- _Assigned task_:
Write out again, exactly as they appear, the lines from the start of the data below through the line with "The narrative follows"; no pictures.

- _Collected material_:
[Start of section]

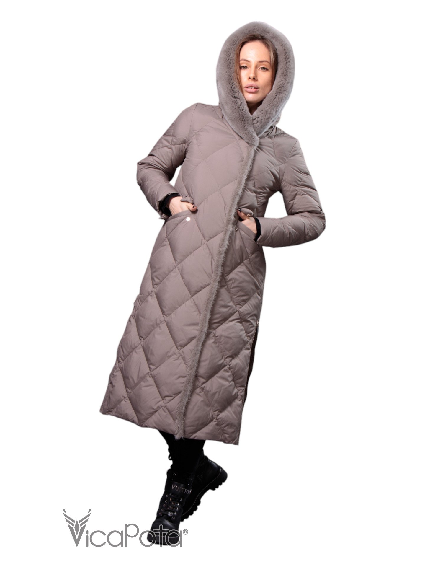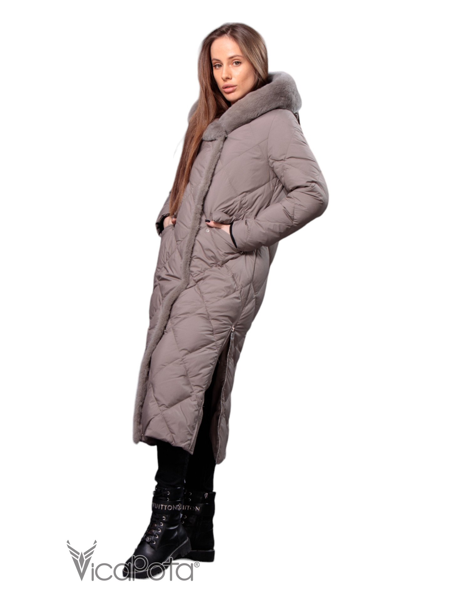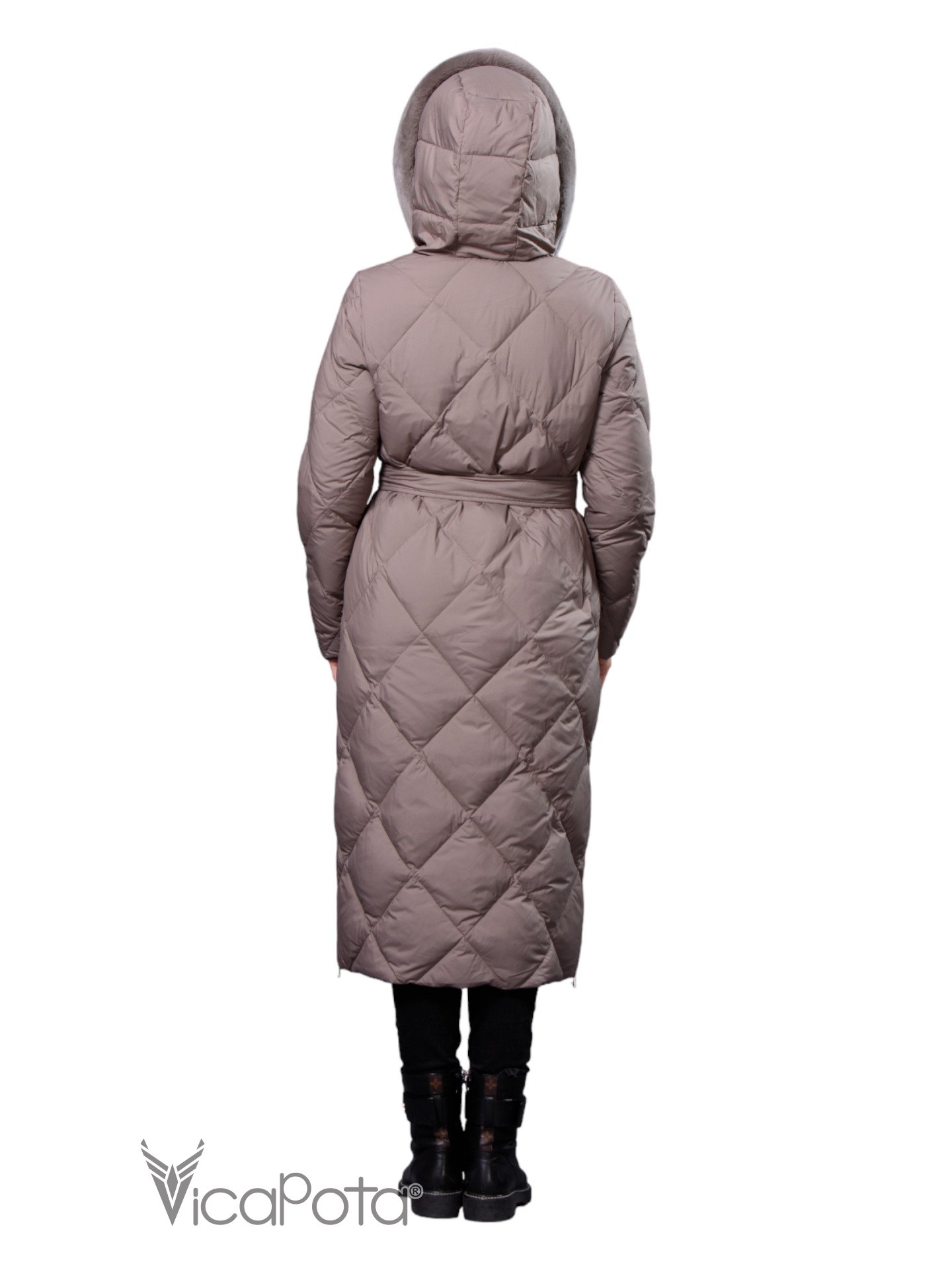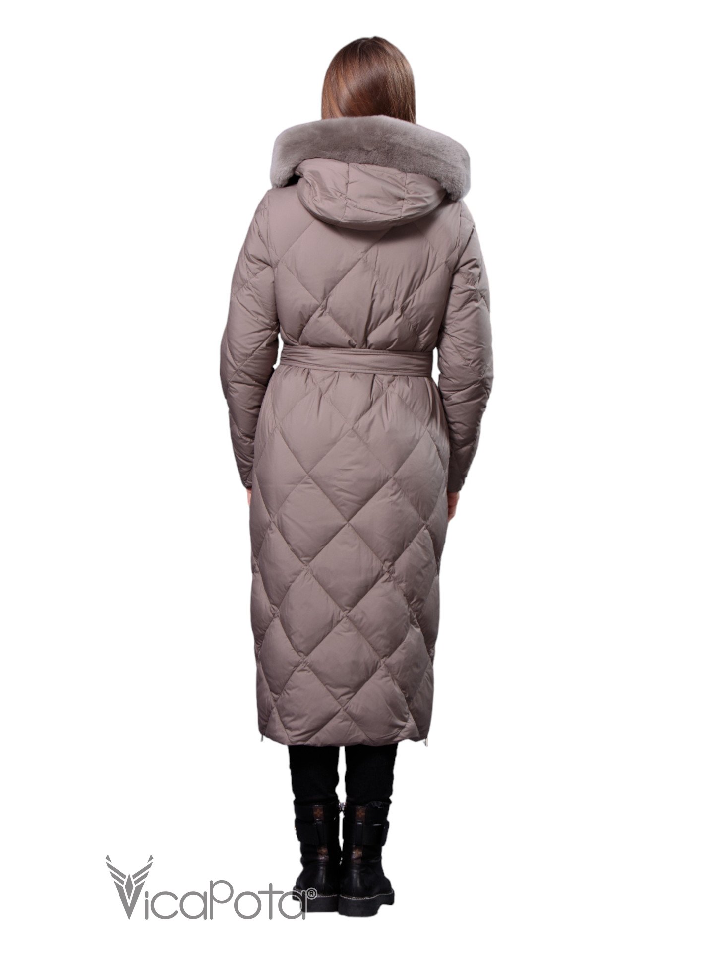 Пуховик наповнений натуральним гусячим пухом, забезпечуючи неперевершену теплоізоляцію у холодні дні. Параметри виробу: Обхват грудей – 100 см, обхват талії – 98 см, обхват стегон – 104 см, довжина – 120 см.
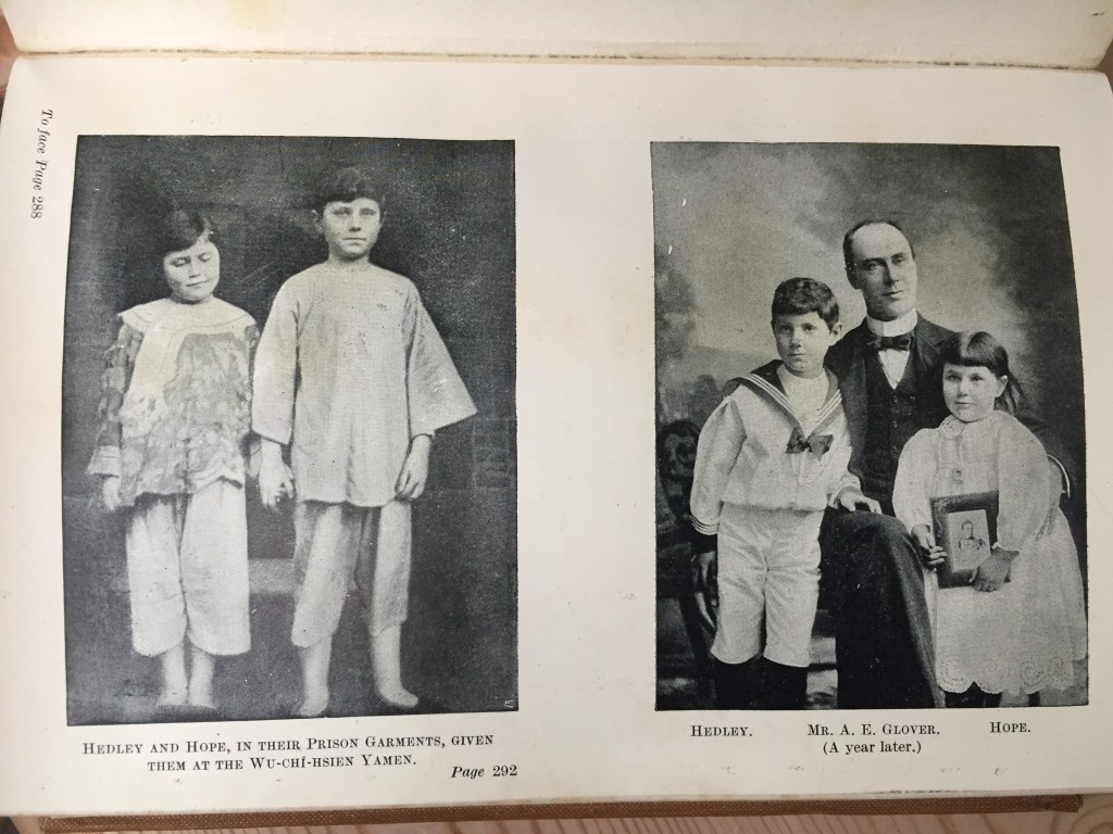 The narrative follows the young Glover family’s journey through China at the height of the Boxer Rebellion (1899-1901). Miss Caroline Gates accompanied Mr Archibald Glover, Mrs Flora Glover, Hedley Glover (4 years old) and Hope Glover (3 years old) when they fled from their mission station in Lu’an, Shansi (now Changzhi, Shanxi) on July 6th 1900. Interestingly, their escape led them to safety in Hanchow (now Wuhan), China.
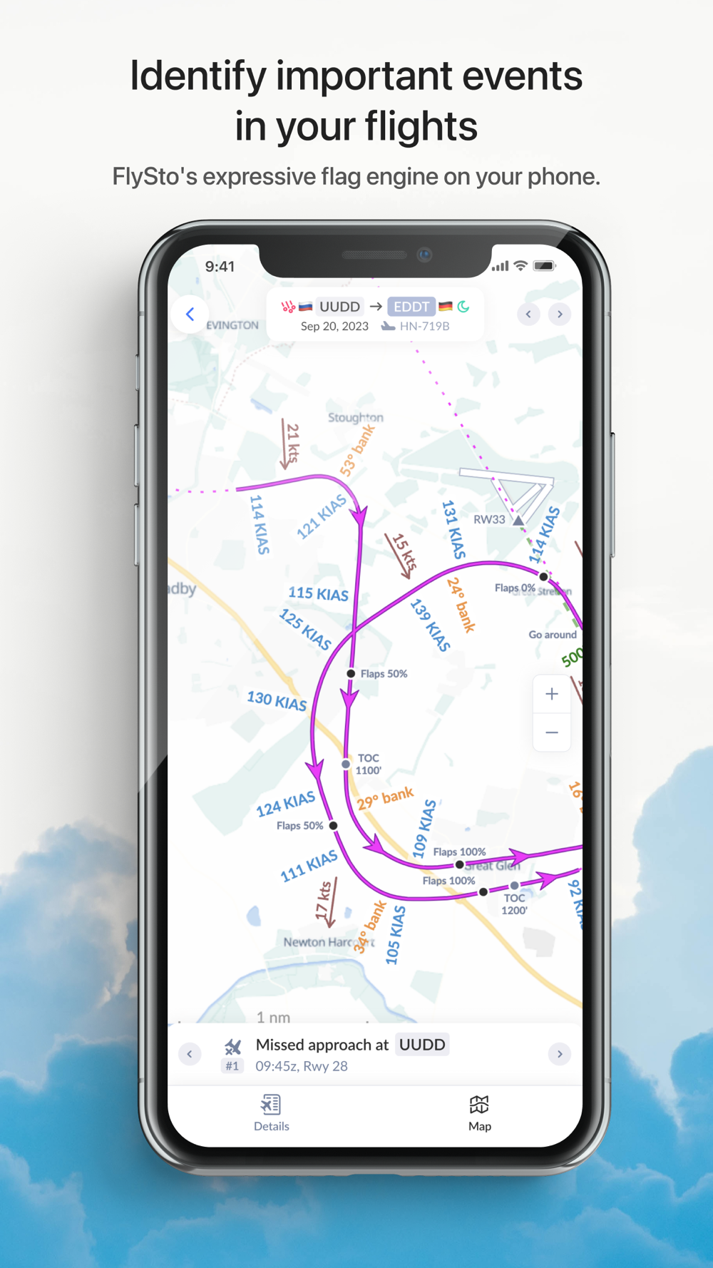 Quickly see all the details about your flights including flags, instantly review your landing limits and approach scoring values, get details on fuel consumption, and get a comprehensive analysis with up to 30+ calculated parameters and graphs about your flight. All at your fingertips in FlySto's new app. Fly safe, FlySto

[End of section]

- _Result_:
 Пуховик наповнений натуральним гусячим пухом, забезпечуючи неперевершену теплоізоляцію у холодні дні. Параметри виробу: Обхват грудей – 100 см, обхват талії – 98 см, обхват стегон – 104 см, довжина – 120 см.
 The narrative follows the young Glover family’s journey through China at the height of the Boxer Rebellion (1899-1901). Miss Caroline Gates accompanied Mr Archibald Glover, Mrs Flora Glover, Hedley Glover (4 years old) and Hope Glover (3 years old) when they fled from their mission station in Lu’an, Shansi (now Changzhi, Shanxi) on July 6th 1900. Interestingly, their escape led them to safety in Hanchow (now Wuhan), China.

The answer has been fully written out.